International Business Machines Corporation (IBM) provides information technology (IT) products and services worldwide. The company operates in five segments: Global Technology Services, Global Business Services, Software, Systems and Technology, and Global Financing. This dividend achiever has paid dividends since 1913, and has increased dividends for 17 years in a row.
The company’s last dividend increase was in April 2012 when the Board of Directors approved a 13.30% increase in the quarterly distribution to 85 cents /share. The company’s peer group includes Accenture (ACN), Infosys (INFY) and Hewlett Packard (HPQ).

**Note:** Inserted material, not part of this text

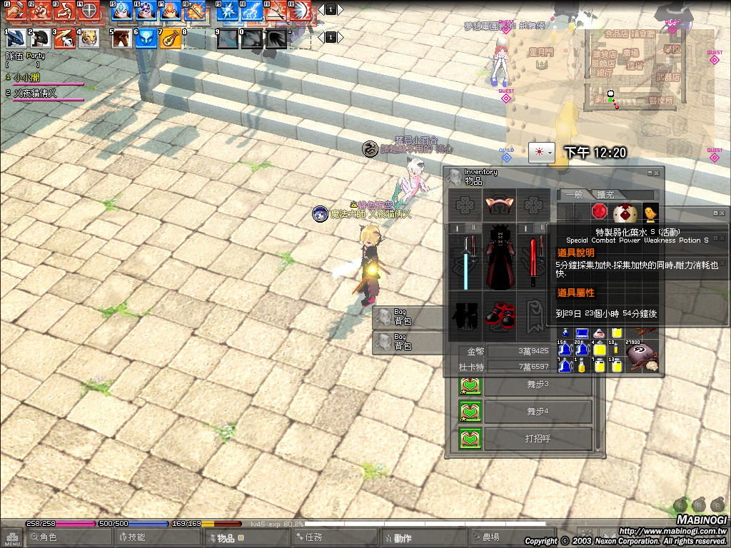 哎呀 [ Lv.53 ] ? 2012-01-29 18:36:50 有兩種,一種是特製弱化藥水 S 另一種是特製弱化藥水 特製弱化藥水是弱化20分鐘 另一個我不知道 |
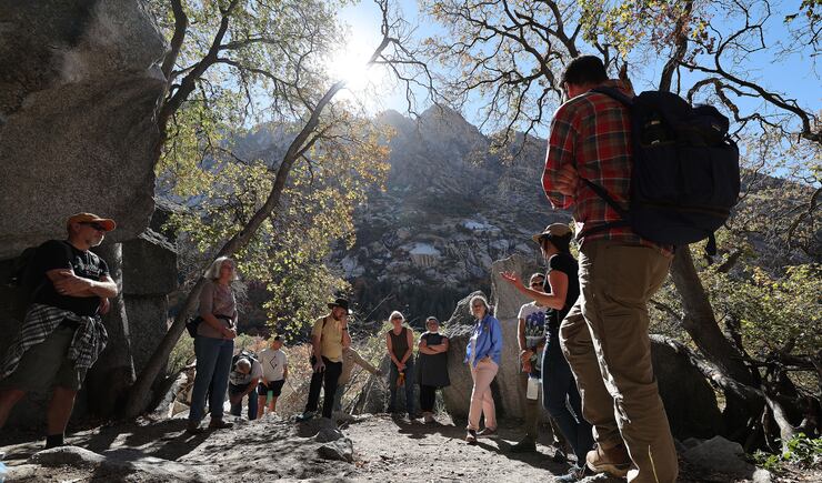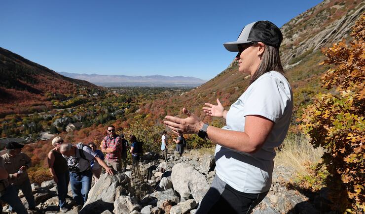 Walking up the steep switchbacks carved into the mountainside, the group stopped after a half-mile, overlooking the small parking lot at the bottom of the canyon and the adjacent neighborhoods, surrounded by the fiery maze of scrub oak and cottonwood trees.

Over the past decade this dividend growth stock has delivered an annualized total return of 11% to its shareholders.
The company has managed to deliver a 14.20% average increase in annual EPS since 2003. Analysts expect IBM to earn $16.63 per share in 2013 and $18.45 per share in 2014. In comparison, the company earned $14.37/share in 2012. Over the next five years, analysts expect EPS to rise by 9.86%/annum.

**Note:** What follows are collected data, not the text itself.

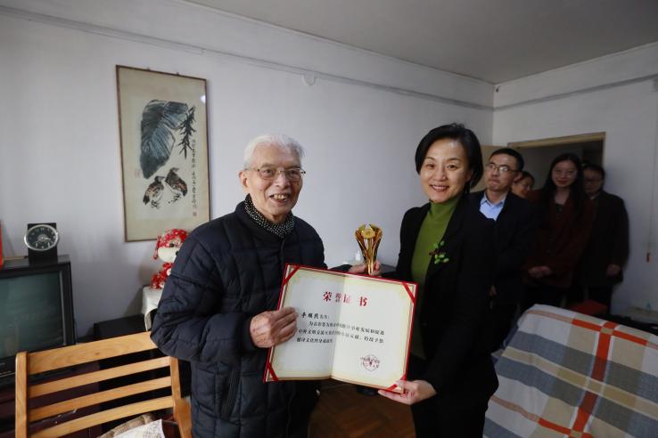 中国翻译协会领导向“翻译文化终身成就奖”获得者李顺然颁奖
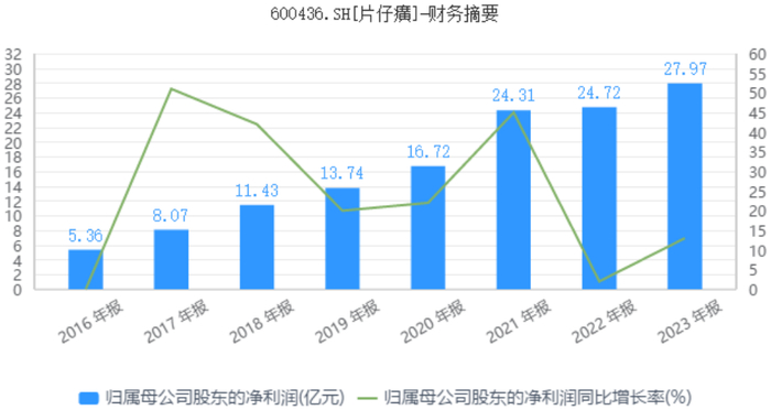 随着产品零售价格的不断增长,片仔癀经营业绩也在一路增长。2016年-2021年期间,片仔癀净利润由5.36亿元增长至24.31亿元,五年内净利润接近翻了5倍,进而带动公司市值一度逼近3000亿元,成为A股中市值最高的中药公司。
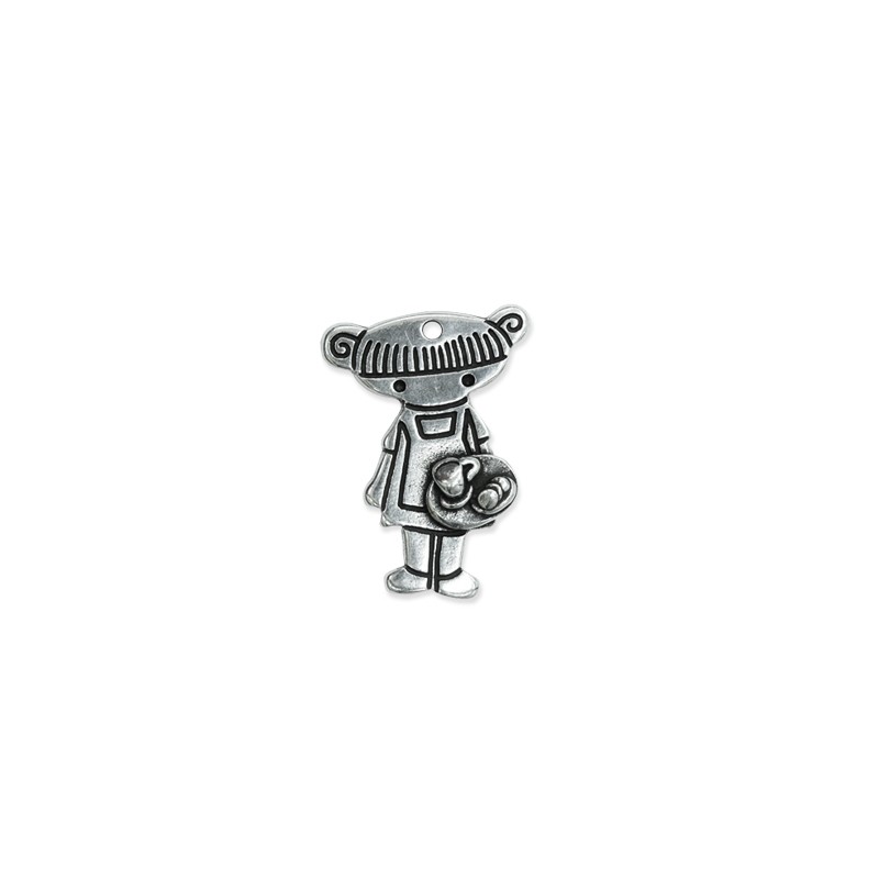 Colgante tamaño pequeño de muñeca lola camarera con taladro en zamak con baño de plata.

Back in 2010 the company unveiled an aggressive five-year plan, where it outlined its strategies that would allow it to hit $20/share by 2015. Halfway through the plan, the goal looks more than achievable. IBM is one of the most consistent share repurchasers in the world. Since 2002, it has reduced the number of shares outstanding from 1.703 billion to 1.155 billion in 2012.
IBM has transformed itself from a hardware company to services, solutions and software conglomerate. The company’ expansion overseas, focus on high margin software and providing solutions to customers, investing in innovation should help it in achieving its goals. The company strives to offer total solutions to customers, and its differentiating factor include its massive investments in R&D, and the many patents obtained as a result of it. This is a move away from commoditized serviced, and into value-added solutions, which has benefited the firm recently through margin expansions. IBM faces some pricing pressure from competitors, and risks related to failure to transition new products successfully. However, given the company’s economies of scale, contiguous focus on building and maintaining strong client relations and drive to innovate, it should weather any near term weaknesses successfully.

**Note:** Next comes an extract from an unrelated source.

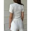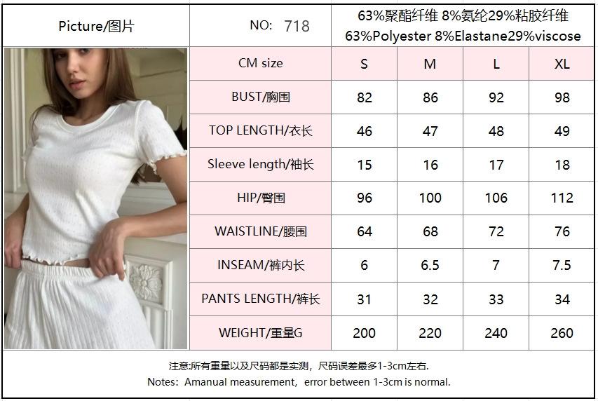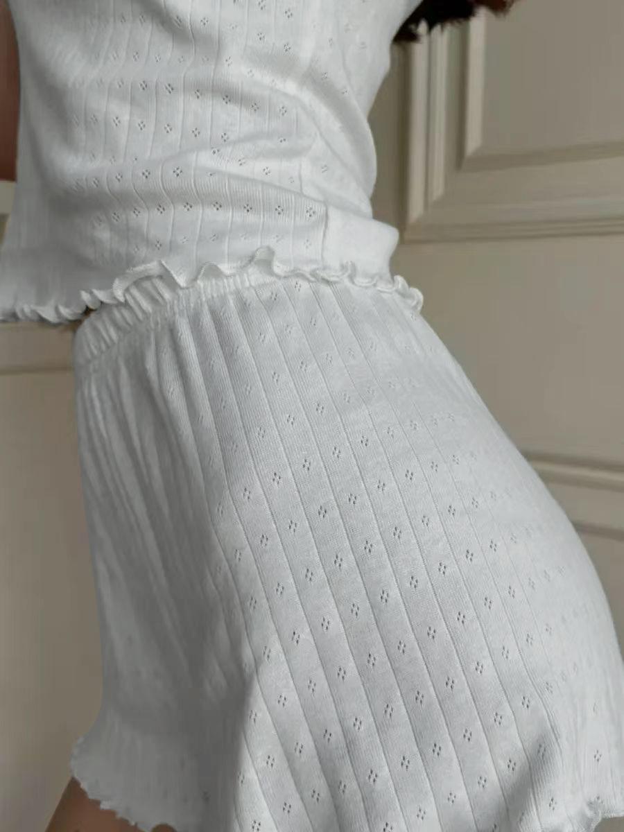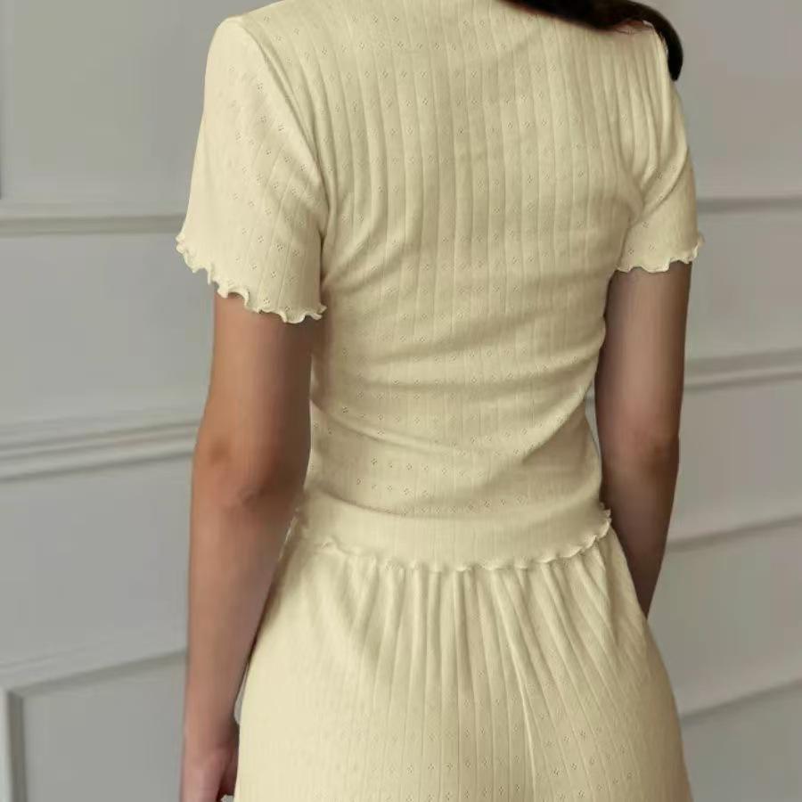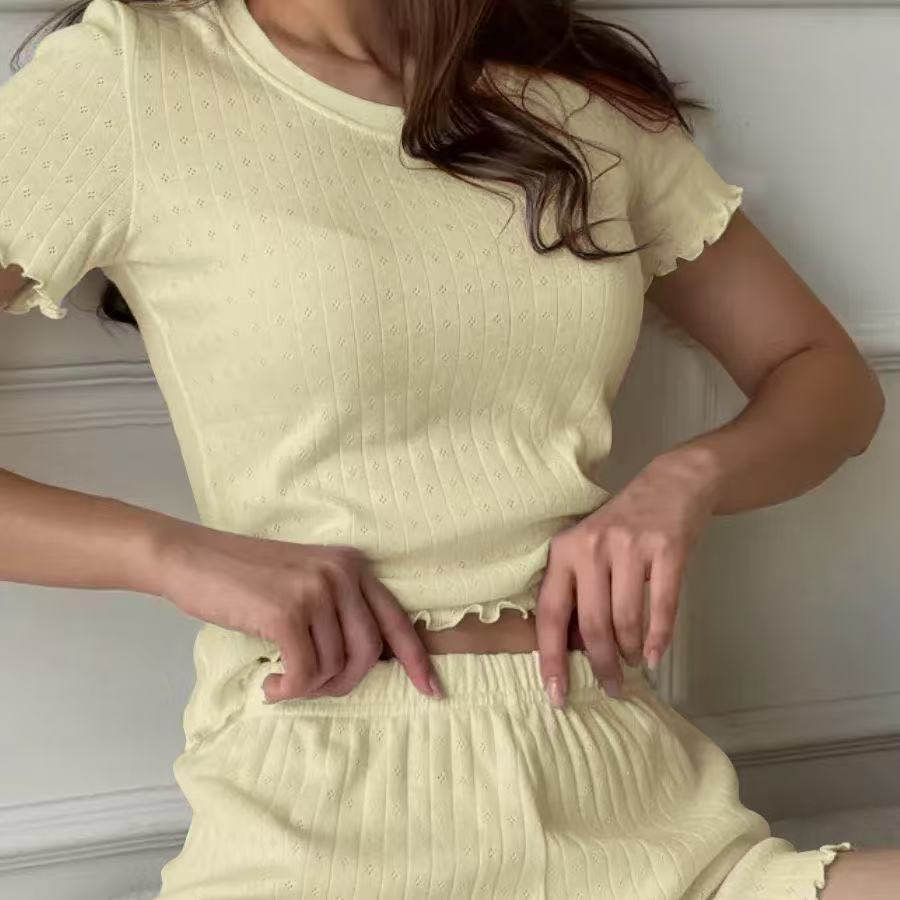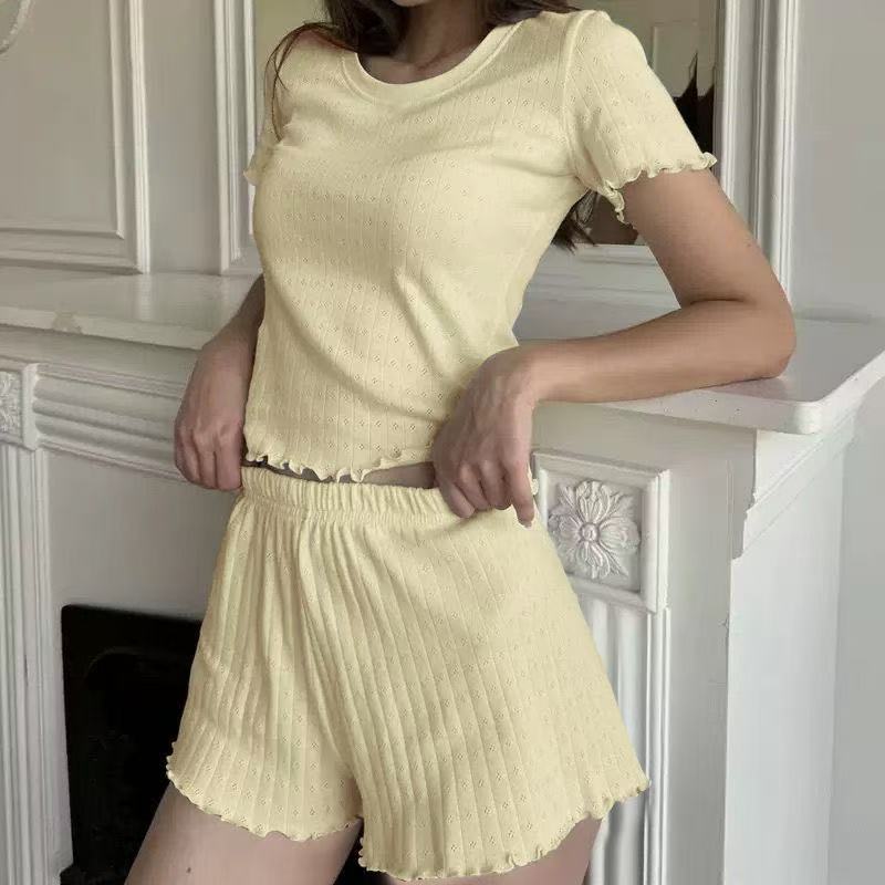 Conjunto Casual de Moda Europea y Americana 2025 Jacquard Adorno de Volantes Adelgazante Temperamento Hogar Cuello Redondo Manga Corta Shorts Conjunto de Dos Piezas
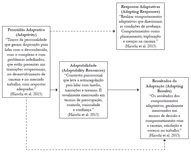Hirschi et al. (2015) discutem como os conceitos de prontidão adaptativa, adaptabilidade de carreira, respostas adaptativas e resultados da adaptação estão sendo utilizados nas pesquisas quando associados à adaptabilidade de carreira. Em síntese, a prontidão adaptativa, relacionada aos traços de personalidade, promoveria uma maior adaptabilidade de carreira que, por sua vez, desencadearia um conjunto de respostas adaptativas, tais como o planejamento, a decisão, a exploração e a autoeficácia, que levariam ao alcance de bons resultados decorrentes da adaptação ao trabalho e à carreira (Hirschi et al., 2015; Rudolph et al., 2017). Esses construtos são relevantes para a compreensão do conceito empregabilidade, descrito a seguir.

The company generates a very high return on equity, which has tripled over the past decade. I generally want to see at least a stable return on equity over time.
The annual dividend payment has increased by 18.80% per year over the past decade, which is higher than the growth in EPS.
A 19% growth in distributions translates into the dividend payment doubling almost every four years on average. If we look at historical data, going as far back as 1963, one would notice that the company has actually managed to double distributions every eight years on average.
The dividend payout ratio increased from 14.50% in 2003 to 23% in 2012. Because of the low dividend payout ratio, the company should be able to raise distributions above the rate of earnings growth for at least a decade, before a ceiling at 50% is reached. A lower payout is always a plus, since it leaves room for consistent dividend growth minimizing the impact of short-term fluctuations in earnings.
Currently IBM is trading at 15 times earnings, yields 1.60% and has a sustainable distribution. The stock is trading at a very attractive valuation, and has bright prospects ahead. Unfortunately, the shares are perennially yielding much less than my minimum requirements. Even if I lowered my entry requirement to 2%, I would require a drop below $170 to initiate a starter position.